ACM, the Association for Computing Machinery, has named 68 Fellows for transformative contributions to computing science and technology. All the 2023 inductees are longstanding ACM Members who were selected by their peers for groundbreaking innovations that have improved how we live, work, and play.

“The announcement each year that a new class of ACM Fellows has been selected is met with great excitement,” said ACM President Yannis Ioannidis. “ACM is proud to include nearly 110,000 computing professionals in our ranks and ACM Fellows represent just 1% of our entire global membership. This year’s inductees include the inventor of the World Wide Web, the “godfathers of AI, and other colleagues whose contributions have all been important building blocks in forming the digital society that shapes our modern world.

In keeping with ACM’s global reach, the 2023 Fellows represent universities, corporations, and research centers in Canada, China, Germany, India, Israel, Norway, Singapore, the United Kingdom, and the United States. The contributions of the 2023 Fellows run the gamut of the computing field―including algorithm design, computer graphics, cybersecurity, energy-efficient computing, mobile computing, software analytics, and web search, to name a few.

Additional information about the 2023 ACM Fellows, as well as previously named ACM Fellows, is available through the ACM Fellows website.

Tim Berners-Lee
WWW Consortium

 

For inventing the World Wide Web, the first web browser, and the fundamental protocols and algorithms allowing the Web to scale

Deborah McGuinness
Rensselaer Polytechnic Institute

For contributions to knowledge technologies including ontologies and knowledge graphs

Steffen Staab
University of Stuttgart, University of Southampton

For contributions to semantic technologies and web science, and distinguished service to the ACM community

New UK tax rules on on-line transactions

To combat tax evasion and increase revenue, the UK’s HM Revenue and Customs (HMRC) has introduced new tax rules starting January 1, 2024, aimed at small sellers on platforms like Etsy, Depop, Airbnb, and Vinted.

These rules require platforms to record and report sellers’ income directly to HMRC, following guidelines from the Organisation for Economic Co-operation and Development (OECD). While HMRC already has power over UK platforms, the OECD rules will facilitate quick access to data from platforms outside the UK. This affects around two to five million businesses on digital platforms, including taxi services, food delivery, freelancers, and short-term rentals.

Platforms will gather sellers’ information like name, address, earnings, and fees, including property details for landlords. Sellers meeting their tax obligations won’t be much affected, but those neglecting them may face HMRC demands.
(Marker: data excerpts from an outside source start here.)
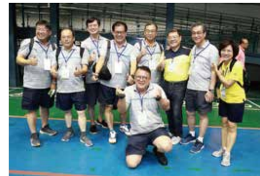
總幹事們參加趣味競賽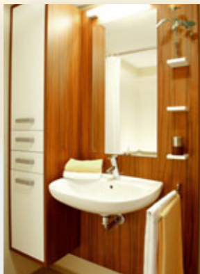
Waschtisch höhenverstellbar und unterfahrbar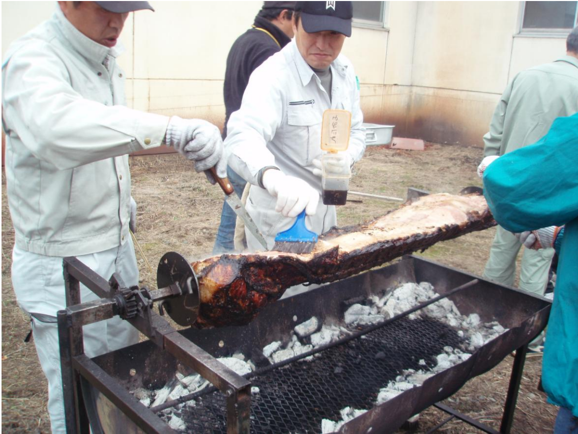
①だんだん骨が見えてきました。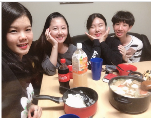
煮台式火鍋與來自日本及韓國的交換生飲食交流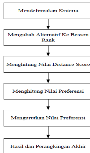
Gambar 1. Kerangka Kerja Metode Oreste

Dari kerangka kerja yang telah disusun dapat dijadikan petunjuk dalam penerapan Metode Oreste untuk menentukan Pestisida Terbaik Terhadap Hama Padi Desa Kolam Kecamatan Percut Sei Tuan. Tahapan-tahapan dari Metode Oreste yang telah disusun dalam gambar di atas yaitu kerangka kerja Metode Oreste sebagai berikut: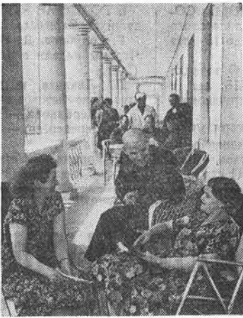
Крымская область. Недавно новый Ематорский санаторий имени XX съезда КПСС принял первую группу отдыхающих. Тепло встретил обслуживающий персонал здравницы трудящихся, приехавших из Москвы, Ростовской области, Донбасса.

Предложено обществу охотников (т. Бродикову) в районах поселка Кислухи, острова Татарского, села Харькова, поселка Рыбачьего, пристани Кукуй, сел Ракит и Барсукова оборудовать базы для рыболовцев, построить на базах помещения, иметь здесь лодки и различные рыболовецкие снасти.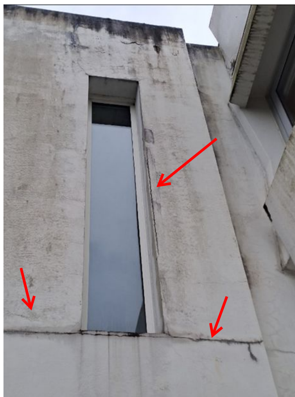
- 06 Traitement des fissures au mortier fibré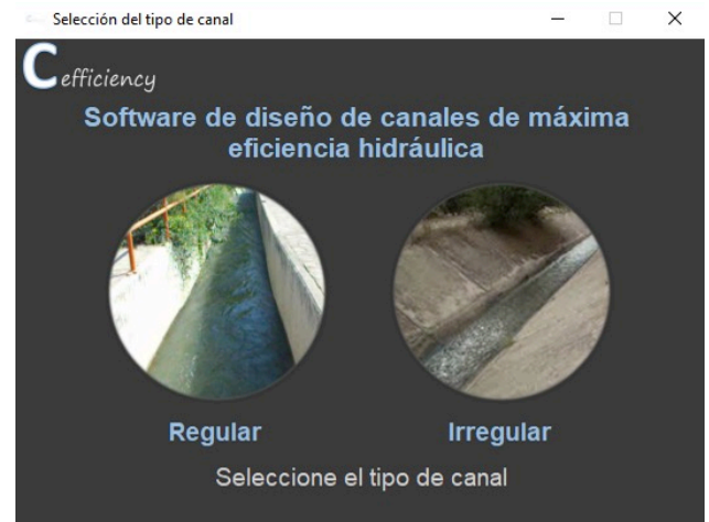
Figura 1 Pantalla principal del programa C efficiency .

El software educativo C efficiency presenta en la ventana principal dos alternativas para el diseño de canales: regular e irregular (Fig. 1). La primera alternativa, canales regulares, considera aquellos canales prismáticos cuya geometría se adapta a las condiciones de máxima eficiencia hidráulica, opción en la que se centra el desarrollo de éste artículo.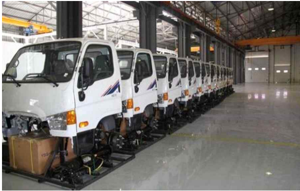
그림 5. 현대자동차 알제리 현지공장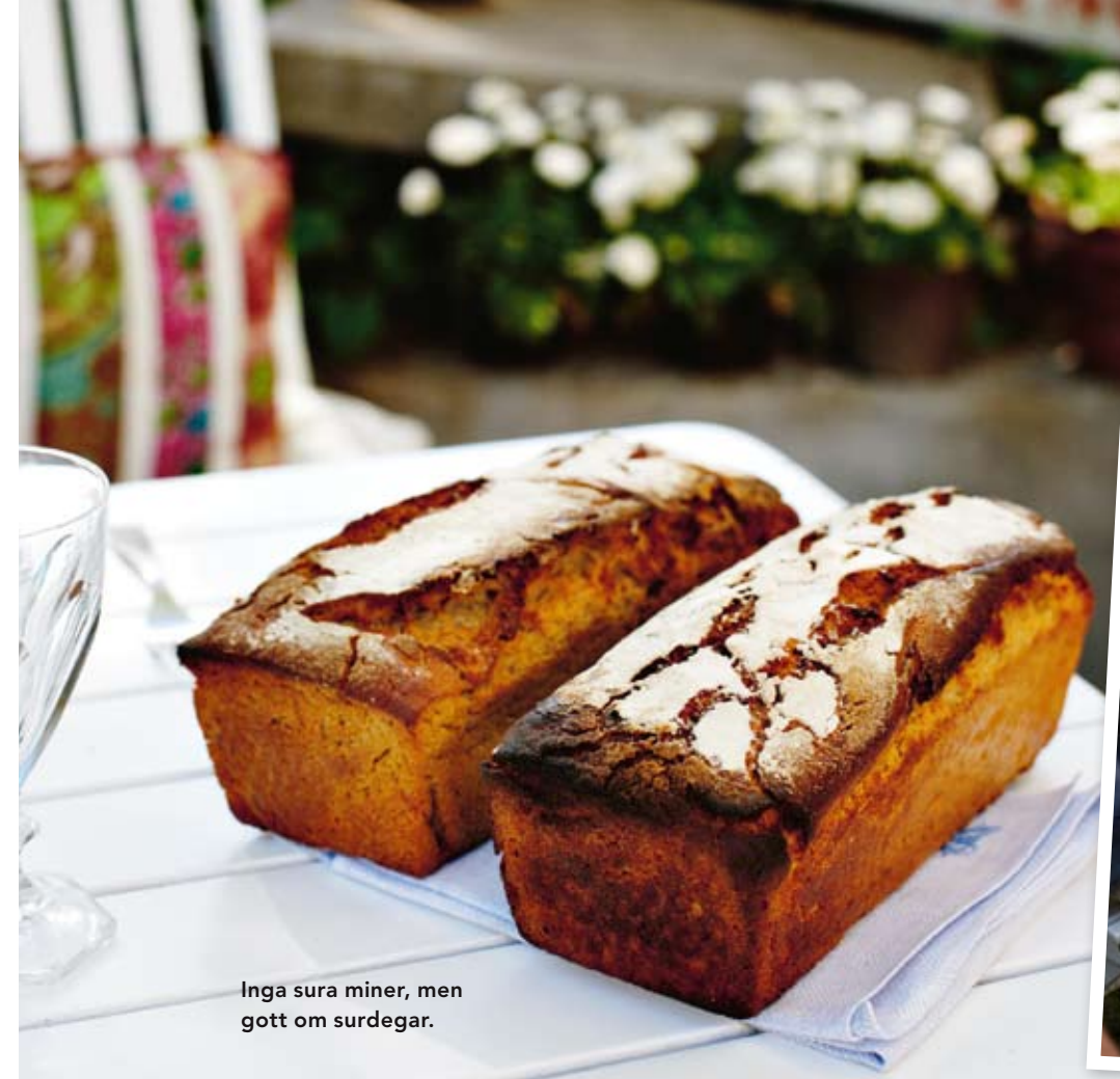
Inga sura miner, men gott om surdegar.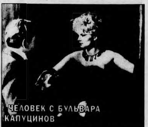
ЧЕЛОВЕК С БУЛЬВАРА КАПУЦИНОВ

«МОСКОВСКИЕ КАНИКУЛЫ». Итальянский темперамент на российской почве просто не может не породить комедийный эффект. Тем более что двадцать лет назад очень смешные «Невероятные приключения итальянцев в России» уже имели место. Может быть, поэтому в современной истории про бо-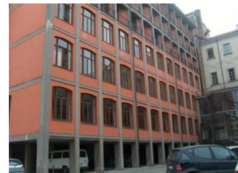
Foto edifici e/o posizione punti di misura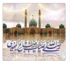
رئیس شورای هماهنگی تبلیغات اسلامی استان البرز اعلام کرد همزمان با پیروزی انقلاب اسلامی

دریاد کتاب آخرین چیزی که به من گفت کتاب آخرین چیزی که به من گفت از لارا دیوید یک کتاب معمایی زیاد است. روزا کامی افنگر، یک نامزد و انتخاب‌شده کتاب رس ویدئو، در مورد یک شیخ از مدیون خوانده را محبوب خود کرده است. این رمان درباره زندگی است که به دنبال حقیقت پنداید به دنبال شواهد آن می‌برد. هر چیزی جمله می‌شود. این کتاب یک تیراژ جذاب و صمیمانه دربار فانتازهای که برای قرائی که بیشتر می‌خوانند بسیار جذاب می‌دهد. می‌توان کرد است. کتاب آخرین چیزی که به من گفت پیش از ناپدید شدن لورا و مکتب، از پوهلی پدرو، یکی از نویسندگان اسپانیایی است که در ۱۹۰۰ نوشته شد. از آنجا که در ماه‌های اولیه، مردم سرگرمی و ترسیدند، حقیقتی که در این یادداشت به چه چیزی اشاره دارد شک‌ناک‌شده است. این کتاب یک تیراژ بسیار جذاب و صمیمانه فانتازهای که برای قرائی که بیشتر می‌خوانند بسیار جذاب می‌دهد. می‌توان کرد است. کتاب آخرین چیزی که به من گفت از لارا دیوید یک کتاب معمایی زیاد است. روزا کامی افنگر، یک نامزد و انتخاب‌شده کتاب رس ویدئو، در مورد یک شیخ از مدیون خوانده را محبوب خود کرده است. این رمان درباره زندگی است که به دنبال حقیقت پنداید به دنبال شواهد آن می‌برد. هر چیزی جمله می‌شود. این کتاب یک تیراژ جذاب و صمیمانه دربار فانتازهای که برای قرائی که بیشتر می‌خوانند بسیار جذاب می‌دهد. می‌توان کرد است.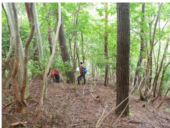
写真 1：アカマツ優占林内の様子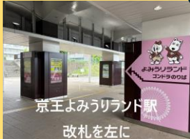
京王よみうりランド駅 改札を左に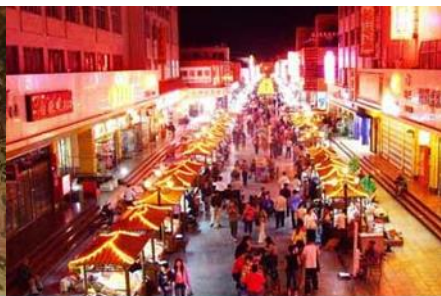
ตลาดกลางคืน ซาโจว

วันที่สี่ ด่านเจียยวี่กวน – เดินทางสู่เมืองตุนหวง – เที่ยวชมถ้ำมั่วเกาคุ –ชมภาพยนตร์ 3 มิติ-ซาโจวไนท์มาร์เก็ต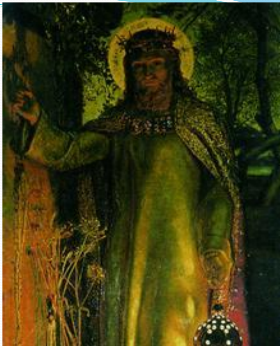
У. Х. Хант. Светоч мира (фрагмент). 1853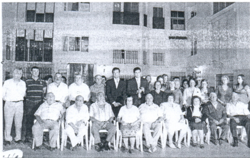
Autoridades y vecinos posan en la reinauguración del Edificio Príncipe de la Plaza de la Paz.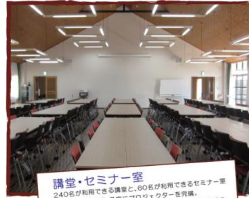
講堂・セミナー室 240名が利用できる講堂と、60名が利用できるセミナー室（3室）があります。各室にプロジェクターを完備。机・椅子はキャスター付きで、多様なレイアウトに対応できます。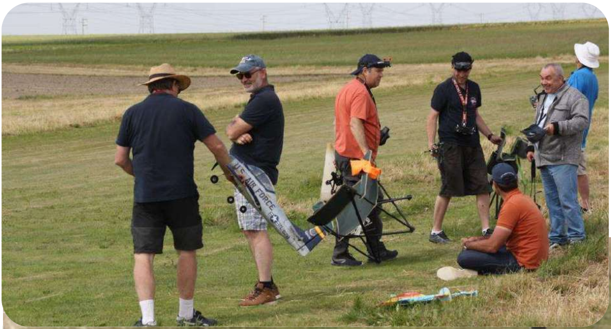
Les concurrents se préparent pour les épreuves, avions ou quadri même combat il faut être le plus adroit possible et avoir du sang froid pour tirer son épingle du jeu, le tout dans la bonne humeur bien sur...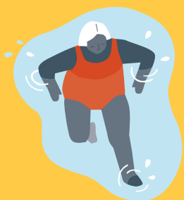
Från utställningen Världens spel.

Du hittar alla simhallar på: goteborg.se/simhallar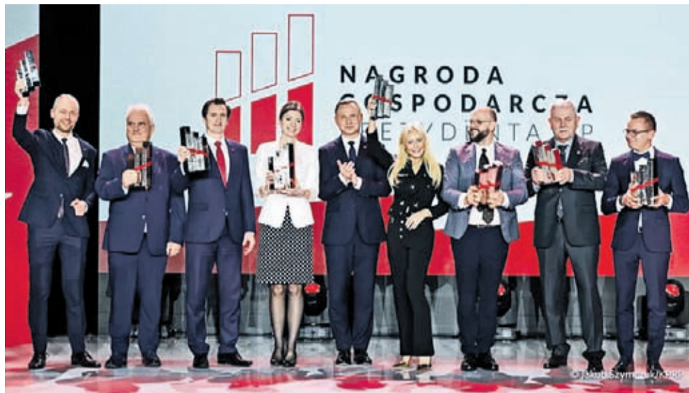
Laureaci XX edycji Nagrody Gospodarczej Prezydenta RP z Andrzejem Dudą

Tematem wiodącym 7. edycji Kongresu 590 była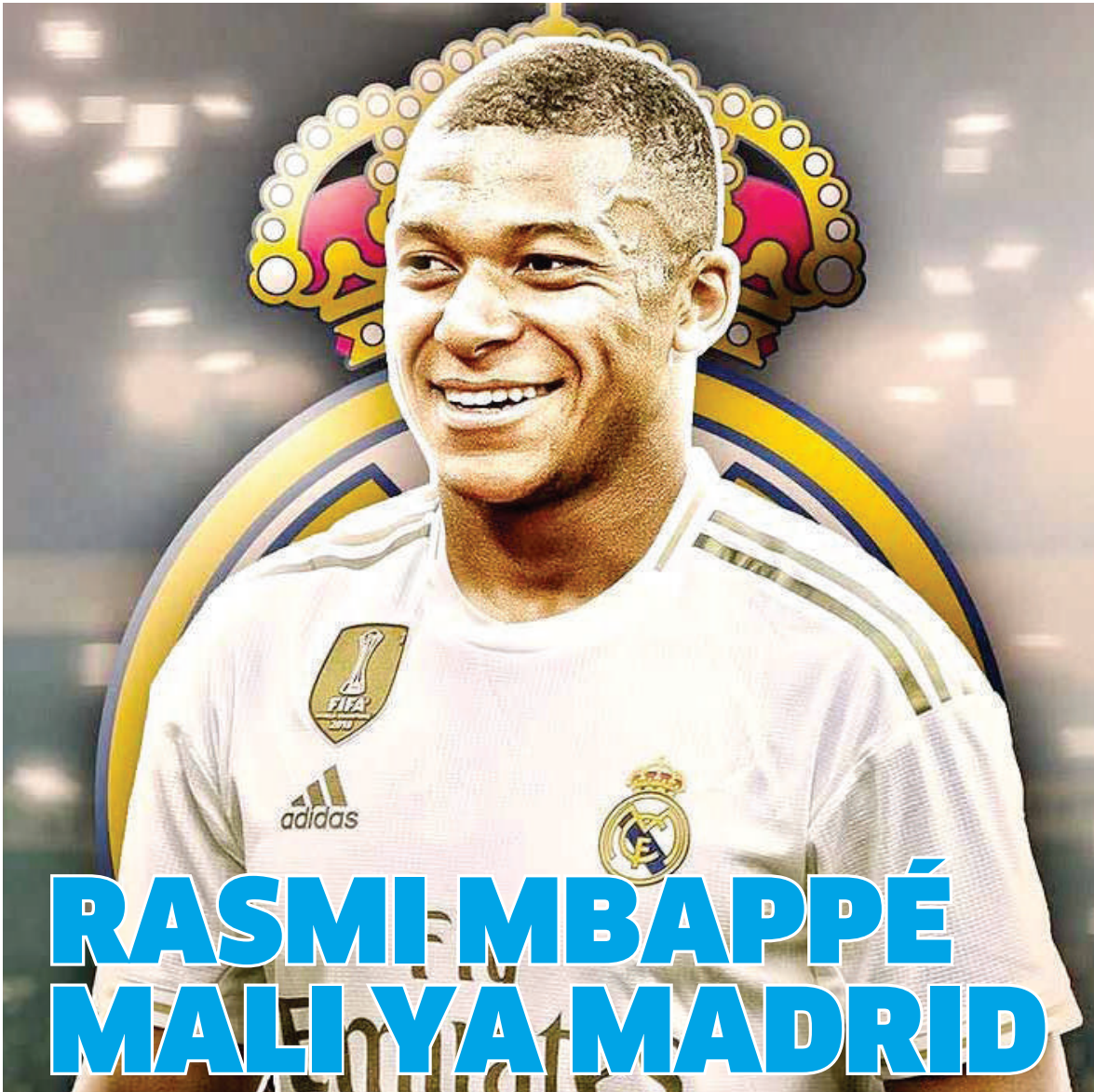
MADRID , Hispania

R EAL Madrid imetangaza rasmi kumsajili mshambuliaji wa Ufaransa, Kylian Mbappé, kwa uhamisho wa bila malipo, hivyo basi kuhitimisha kusubiri kwa miaka mingi kumtaka ajiunge na klabu hiyo.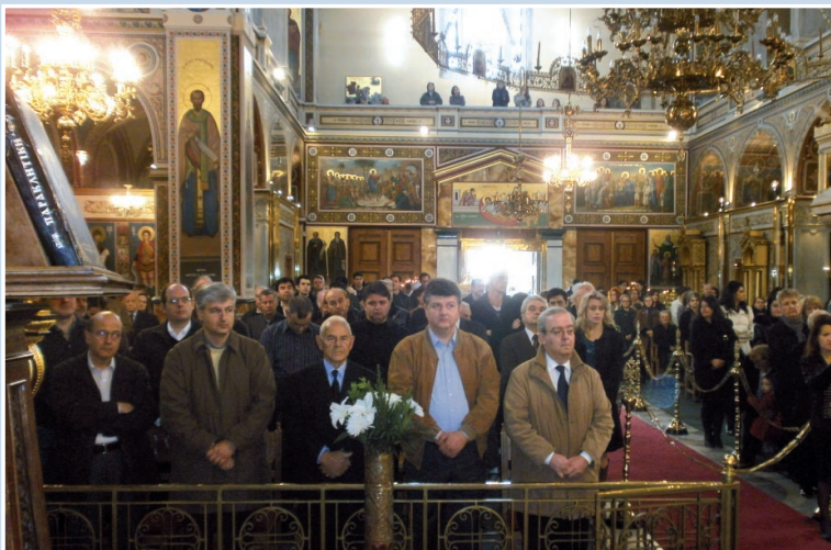
Πλήθος κόσμου ἀλλά και μέλη τοῦ ΠΑΣΥΒΑ και τῆς ΣΦΕΒΑ παρέστησαν στο μνημόσυνο τοῦ ἱδρυτοῦ και ἀρχηγοῦ τους.

Ὁ Μνηστήρος Μητροπολίτης Δρυϊνουπόλεως Πωγωνιανῆς και Κονίτσης κυρός Σεβαστιανός δέν διακρίθηκε μόνο επειδή πέτυχε νὰ εἶναι συνεπής στην ἄσκηση τῶν ποιμαντορικῶν του καθηκόντων, οὔτε επειδή φρόντιζε νὰ ἐκπληρώνει πάντοτε στο ἀκέραιο τις ὑποχρεώσεις του ἀπέναντι στο εὐλαβές ποιμνίό του (Γηροκομείο, Οἰκοτροφεία Ἀρρένων-Θηλέων, Πνευματική Στέγη). Εἶναι ἀλήθεια ὅτι δέν καταπάτησε μονομερῶς με τήν ὑλοκοτηνική ἀνάπτυξη τῆς φτωχῆς του ἐπαρχίας, οὔτε ἀσχολήθηκε μονάχα με τὸν πνευματικό καθαρισμό τῶν εὐσεβῶν χριστιανῶν τῆς μητροπόλεώς του.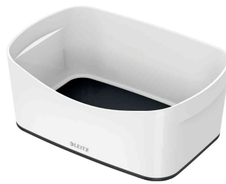
Utensilienschale My Box, weiß / schwarz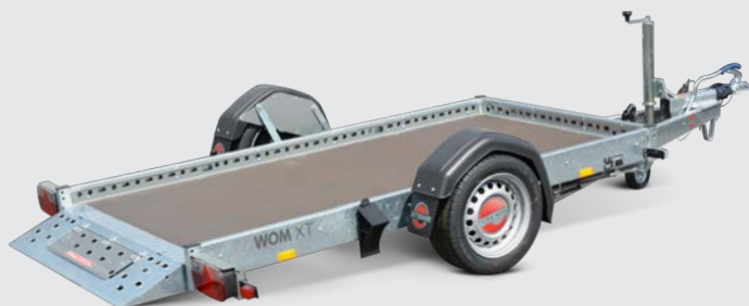
STS XT 02 10-25-13.1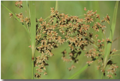
エゾアブラガヤ (蝦夷油萱)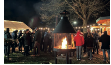
Schöne Stimmung am „Lagerfeuer“

In den Abendstunden liess es sich an Feuertonne und offenem Grill noch lange an ‚usser Hiddje‘ aushalten. (sg)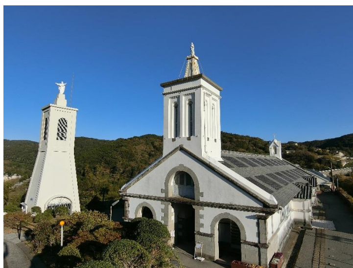
長崎市外海 出津教会堂（国指定重要文化財）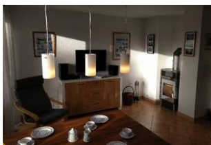
Wohnzimmer mit Kamin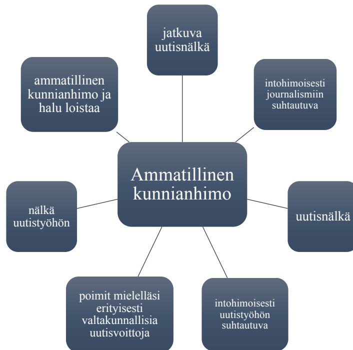
Kuvio 1: Esimerkki määreiden luokittelusta.

esimerkiksi ”innostunut” ja ”innokas asenne” menivät saman innostuneisuus-alaluokan alle. Luokittelua ohjasi siis aineisto.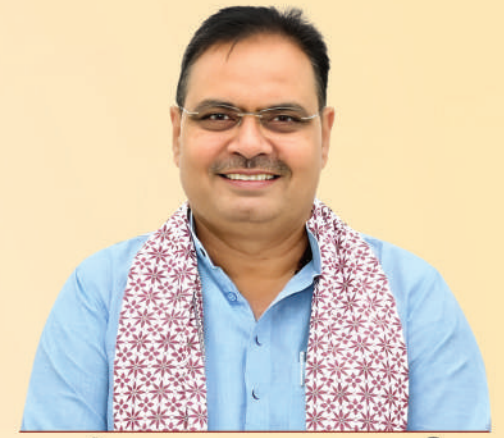
श्री भजनलाल शर्मा माननीय मुख्यमंत्री

2 साल नव उत्थान - नई पहचान बढ़ता राजस्थान - हमारा राजस्थान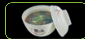
62. Miso shiru miso-soep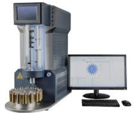
Kinematic Viscosity Tester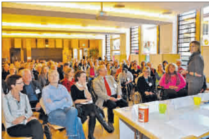
Großes Interesse am pädagogischen Konzept der Modellschule.

Nähere Informationen unter www.fr-eineschule.de . Nächstes Treffen: am Mittwoch, 8. Dezember, 19 Uhr, Café Velo, Hauptbahnhof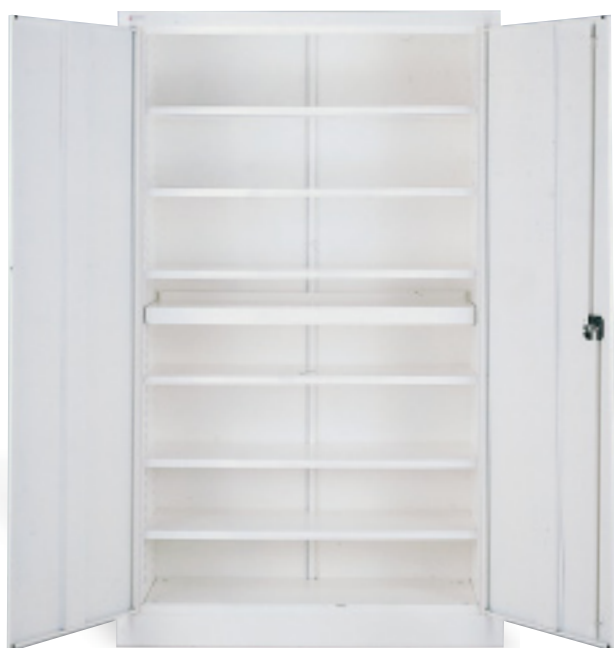
Armoire à portes battantes

Individuals can earn up to £1,000 extra annually, called the Trading Allowance, tax-free, but surpassing it requires tax reporting. Sellers renting through platforms like Airbnb can utilize the rent-a-room scheme for tax-free earnings up to £7,500 yearly.

HMRC plans to send reminders to those unaware of their tax duties regarding online earnings. They’ve allocated £36.69 million and 24 full-time staff to enforce these rules.

The first reporting deadline for platforms is January 31, 2025, one year after implementation.